I'm creating a multi-tenancy web site which hosts pages for clients. The first segment of the URL will be a string which identifies the client, defined in Global.asax using the following URL routing scheme:
"{client}/{controller}/{action}/{id}"
This works fine, with URLs such as /foo/Home/Index.
However, when using the [Authorize] attribute, I want to redirect to a login page which also uses the same mapping scheme. So if the client is foo, the login page would be /foo/Account/Login instead of the fixed /Account/Login redirect defined in web.config.
MVC uses an HttpUnauthorizedResult to return a 401 unauthorised status, which I presume causes ASP.NET to redirect to the page defined in web.config.
So does anyone know either how to override the ASP.NET login redirect behaviour? Or would it be better to redirect in MVC by creating a custom authorization attribute?
EDIT - Answer: after some digging into the .Net source, I decided that a custom authentication attribute is the best solution:
public class ClientAuthorizeAttribute: AuthorizeAttribute
{
public override void OnAuthorization( AuthorizationContext filterContext )
{
base.OnAuthorization( filterContext );
if (filterContext.Cancel && filterContext.Result is HttpUnauthorizedResult )
{
filterContext.Result = new RedirectToRouteResult(
new RouteValueDictionary
{
{ "client", filterContext.RouteData.Values[ "client" ] },
{ "controller", "Account" },
{ "action", "Login" },
{ "ReturnUrl", filterContext.HttpContext.Request.RawUrl }
});
}
}
}
In the RTM version of ASP.NET MVC, the Cancel property is missing.

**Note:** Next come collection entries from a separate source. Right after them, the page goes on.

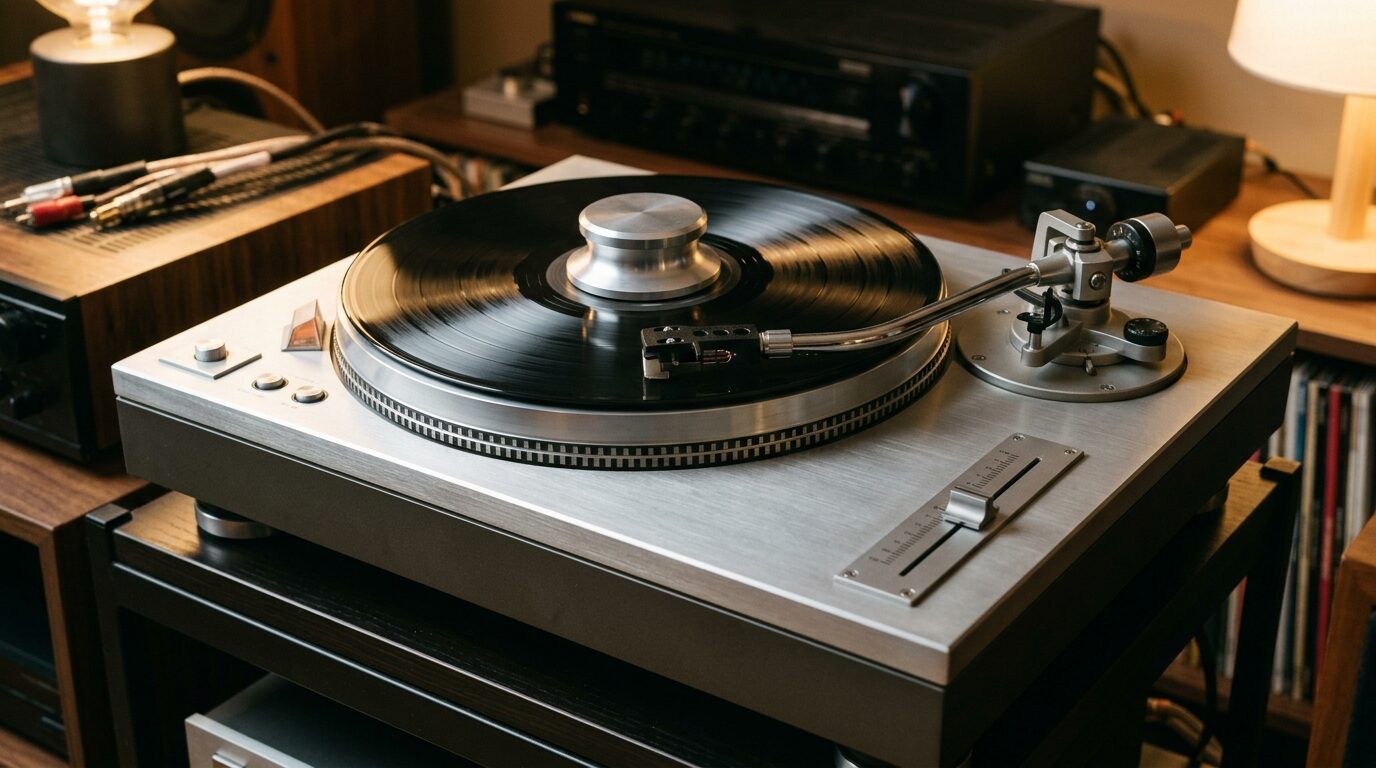1980年代以降、SL-1200はDJカルチャーの現場で絶大な支持を集めます。ピッチコントロールスライダーの精密さ、プラッターの重量感、ターンテーブルとしての耐久性——クラブのDJブースに置かれた2台のSL-1200は、いつしか時代のアイコンになりました。洋楽ロックのレコード買取相場一覧でも触れていますが、1980〜90年代のロック・ファンにとっても「SL-1200でレコードを聴く」は憧れでしたよね。
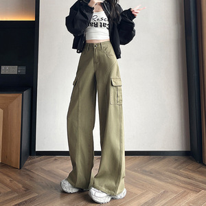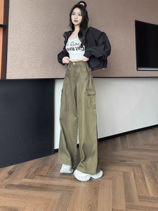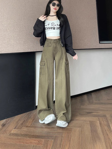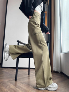 美式大口袋工装休闲裤女春秋季宽松直筒垂感拖地裤子拖地长裤子
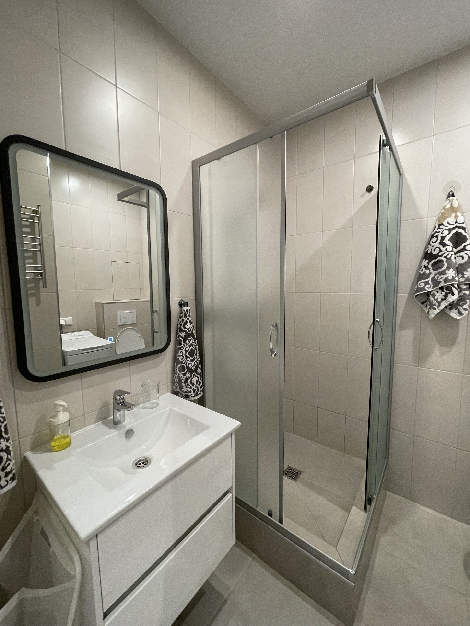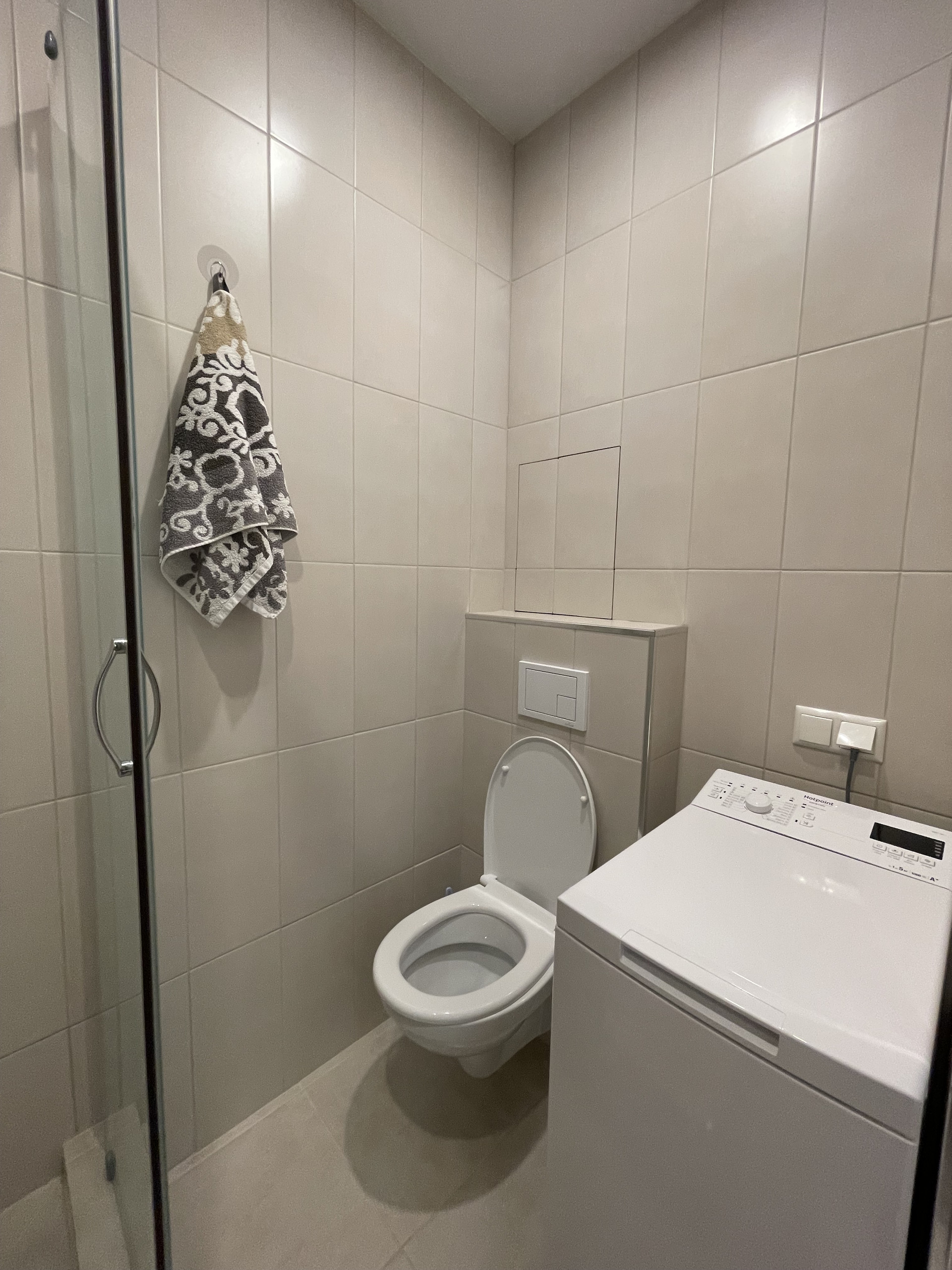 Санузел оборудован душевой кабиной , стиральной машиной и электрополотенцесушителем.
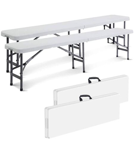 Todeco Banc Pliant Transportable, Banc En Plastique Robuste,183 X 43 X 30 Cm,Blanc,Pliable En Deux, Pack De 2,Nombre De Places:?2 À 4 Personnes Par Banc
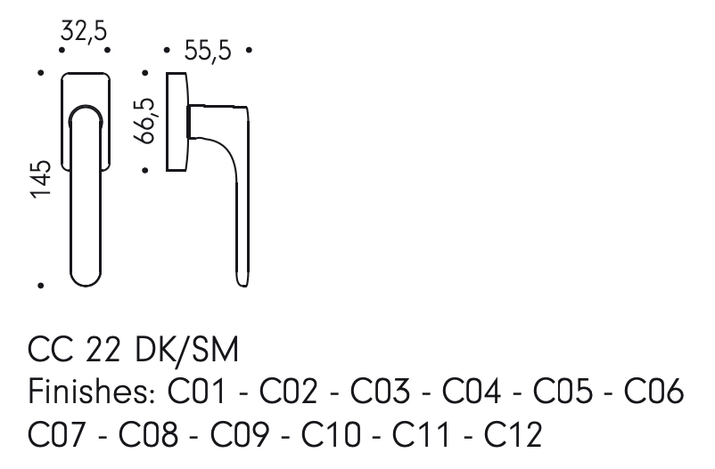 Maniglia Finestra ONE Q MOOD Colombo - Misure
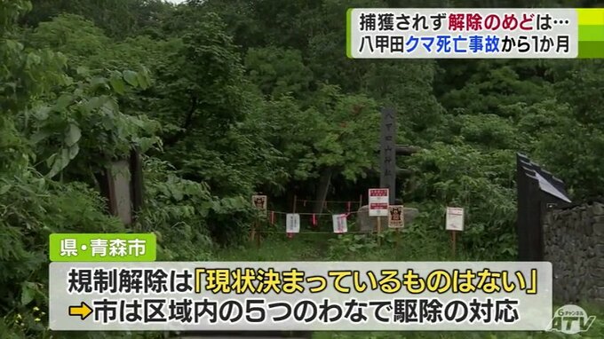 県や青森市によりますと、規制の解除については現状決まっているものはなく、市は区域内に仕掛けた5つの「わな」でクマを駆除できるよう対応しているとしています。
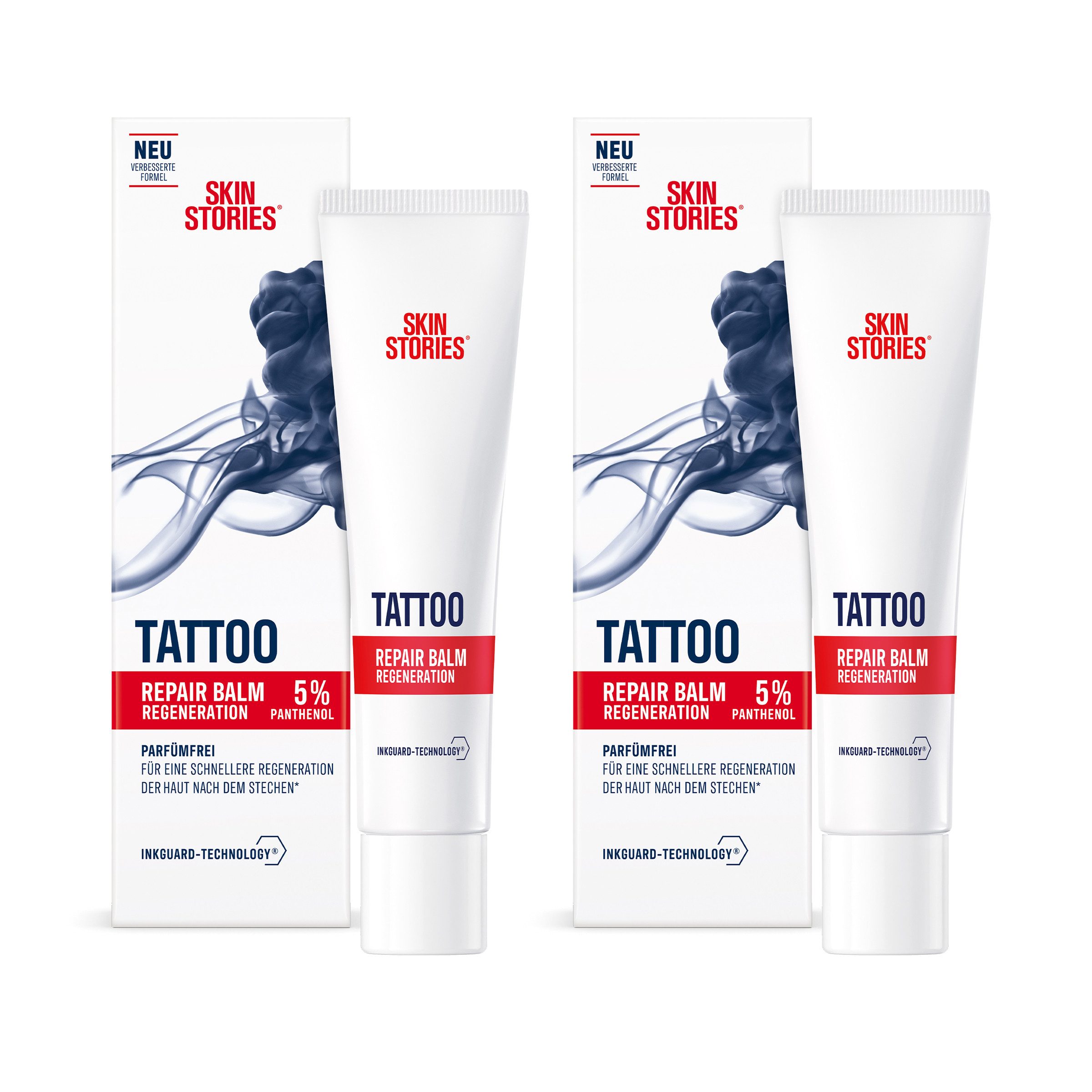 Anwendung | An Tag 4 nach dem Stechen beginnen, die beanspruchte Haut mit dem Repair Balm zu pflegen. Bis zu sechs Mal am Tag dünn auftragen, idealerweise 10 Tage lang. Im Anschluss mit der täglichen Tattoo-Pflege fortfahren. Wir empfehlen die SKIN STORIES Daily Lotion. |
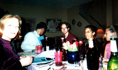Thursday I watched more movies, talked on the Internet and slept some. That evening Dan, Troy, their dad, step mom and I went over to Seth's family gathering for Passover. It was a fun evening and it was kewl to see how Jewish people celebrate Passover. There were around 17 people at this family gathering. All of us got little booklets that we went through before dinner with rituals for Passover. Things like lifting and sipping from wine glasses at certain times, dipping parsley into salt water and eating it. Eating the bitter herbs and stuff along those lines. It was neat because the booklet described why we were doing these things and where the rituals came from.
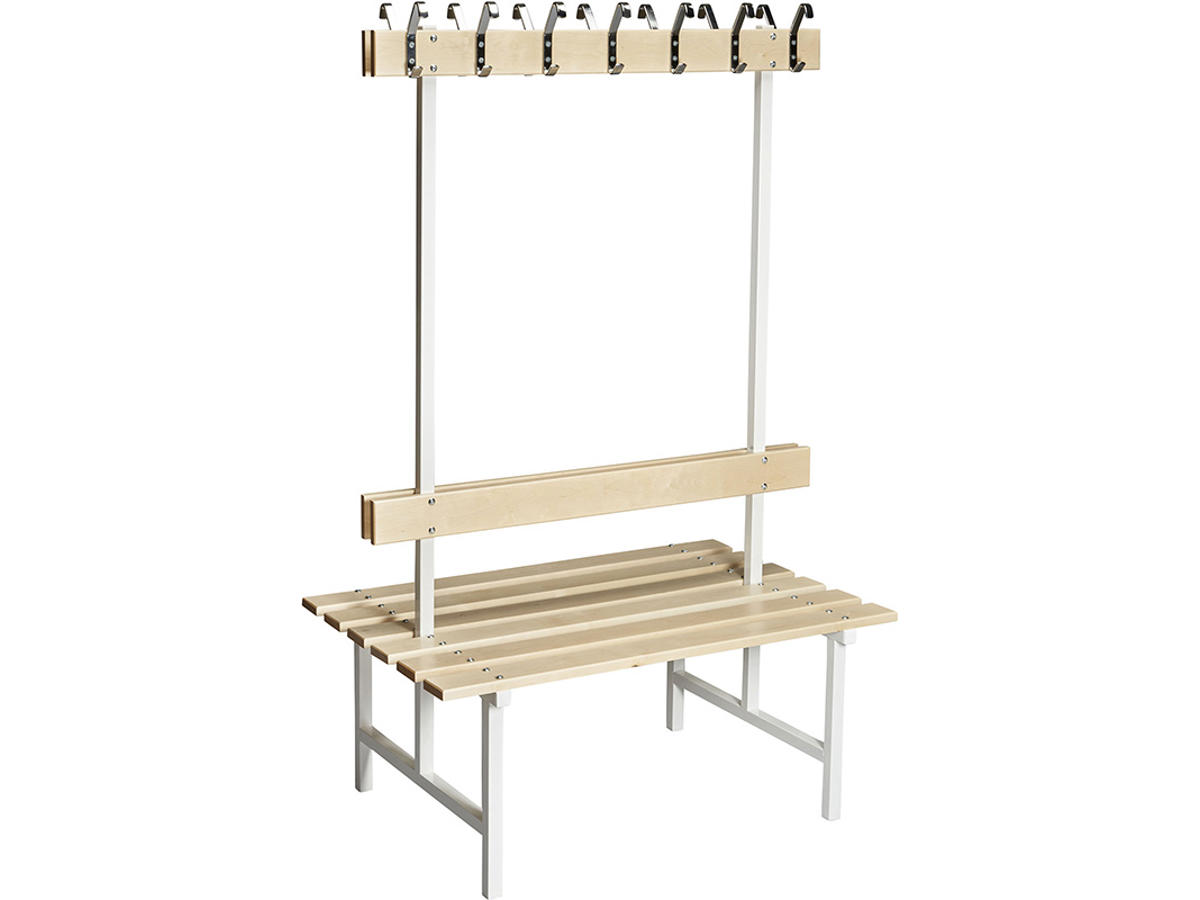 Hvis en almindelig bænk ikke tilfredsstiller dine behov, så er der mulighed for i stedet at vælge en dobbeltsidet variant, der både har kroge og ryglæn. Den dobbeltsidede bænk er velegnet til brug, hvis du ønsker flere funktioner ved din siddeplads. Se vores produktinformation for de forskellige muligheder at vælge imellem.
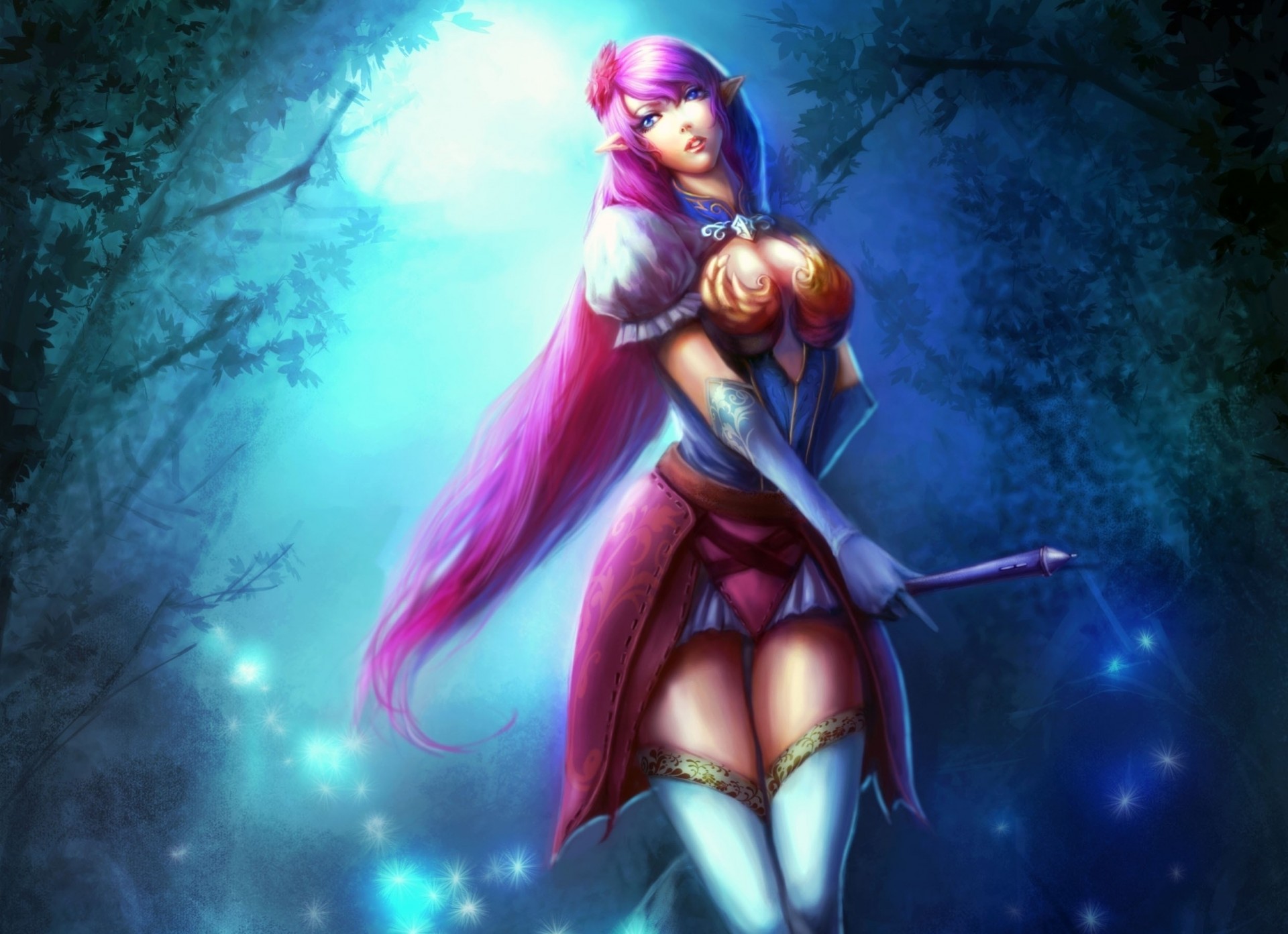 Elfe fille aux cheveux blancs avec un arc dans les mains de l'artElfe fille aux cheveux blancs avec un arc dans les mains de l'art
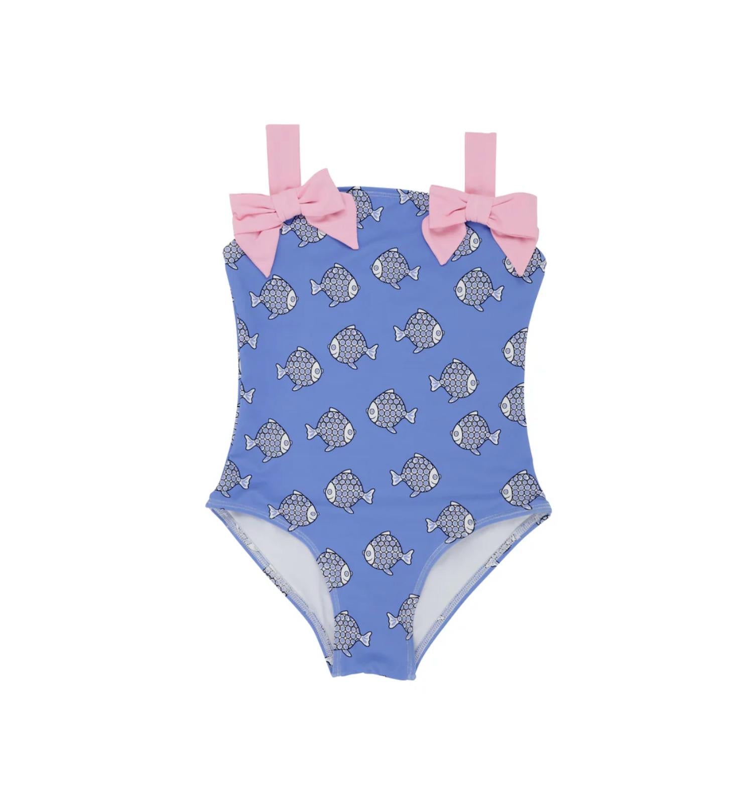 Step into summer with the Shannon Bow Bathing Suit by The Beaufort Bonnet Company, perfectly designed for a beach day. This charming one-piece features an animal pattern in delightful Little Fishes print, capturing the essence of seaside fun. Crafted from a comfortable nylon blend, this swimsuit combines style and function for your little one's adventures. Care is easy with machine wash and line dry instructions, ensuring it's ready for every splash and swim.
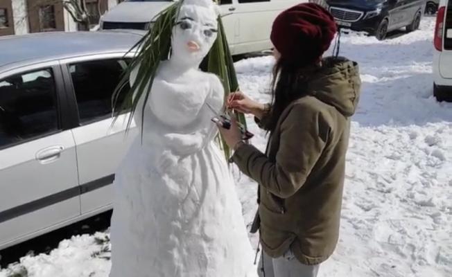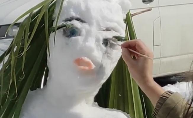 İstanbul’da 4 gün boyunca etkili olan kar yağışını fırsat bilen Birsen Pala, evinin önünde kardan kadın yaptı. Kardan kadına makyaj yapan Pala, görüntüleri sosyal medyadan paylaştı.

This code works with ASP.NET MVC RTM:
using System;
using System.Web;
using System.Web.Mvc;
using System.Web.Mvc.Resources;
namespace ePegasus.Web.ActionFilters
{
public class CustomAuthorize : AuthorizeAttribute
{
public override void OnAuthorization(AuthorizationContext filterContext)
{
base.OnAuthorization(filterContext);
if (filterContext.Result is HttpUnauthorizedResult)
{
filterContext.Result = new RedirectToRouteResult(
new System.Web.Routing.RouteValueDictionary
{
{ "langCode", filterContext.RouteData.Values[ "langCode" ] },
{ "controller", "Account" },
{ "action", "Login" },
{ "ReturnUrl", filterContext.HttpContext.Request.RawUrl }
});
}
}
}
}
Edit: You may want to disable the default forms authentication loginUrl in web.config - in case somebody forgets you have a custom attribute and uses the built in [Authorize] attribute by mistake.
Modify the value in web.config:
<forms loginUrl="~/Account/ERROR" timeout="2880" />
Then make an action method 'ERROR' that logs an error and redirects the user to the most generic login page you have.